Are there also critical voices? What legal uncertainties are there?

Dr. Gregor Schmid: „In view of the abundance of new regulations, it is not surprising that there are also critical voices. Whereas the European legislator was frequently accused of not taking decisive action with regard to digitization and the internet, the pendulum is now swinging in the opposite direction. The DSA pursues the ambitious goal of integrating some very different regulatory areas – such as liability, point-of-contact regulations, general terms and conditions, protection of minors as well as transparency and reporting obligations – into a uniform framework. At the same time, several special laws remain in place, so that a number of interpretation issues are to be expected. Even if the focus is on the very large online platforms, the ‘cost of doing business’ is likely to increase noticeably for most providers of digital services.

Philipp Koehler: „As with other European laws, a number of open questions unfortunately remain.
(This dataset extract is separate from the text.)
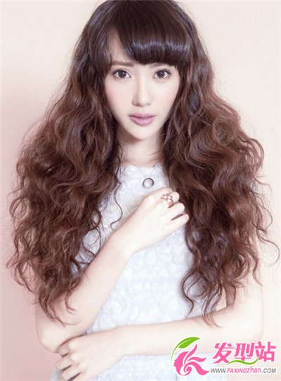 時(shí)尚迷人的斜劉海蓬松卷發(fā),一頭糖蜜棕色的洋娃娃卷發(fā),給人洋娃娃般精致可愛(ài)的感覺(jué),精致的五官配合一雙大眼睛,打造出可愛(ài)小女人感。

As with the GDPR, for example, we will need to be patient until these questions are clarified by the courts. Until then, however, measures are conceivable to prevent risks and minimise them.


The DSA provides for extensive new regulations, but at the same time leaves a number of special laws unaffected, so that a number of open questions of interpretation are to be expected. In order to be able to plan ahead diligently, companies should analyse the effects of the DSA on their digital activities in due time.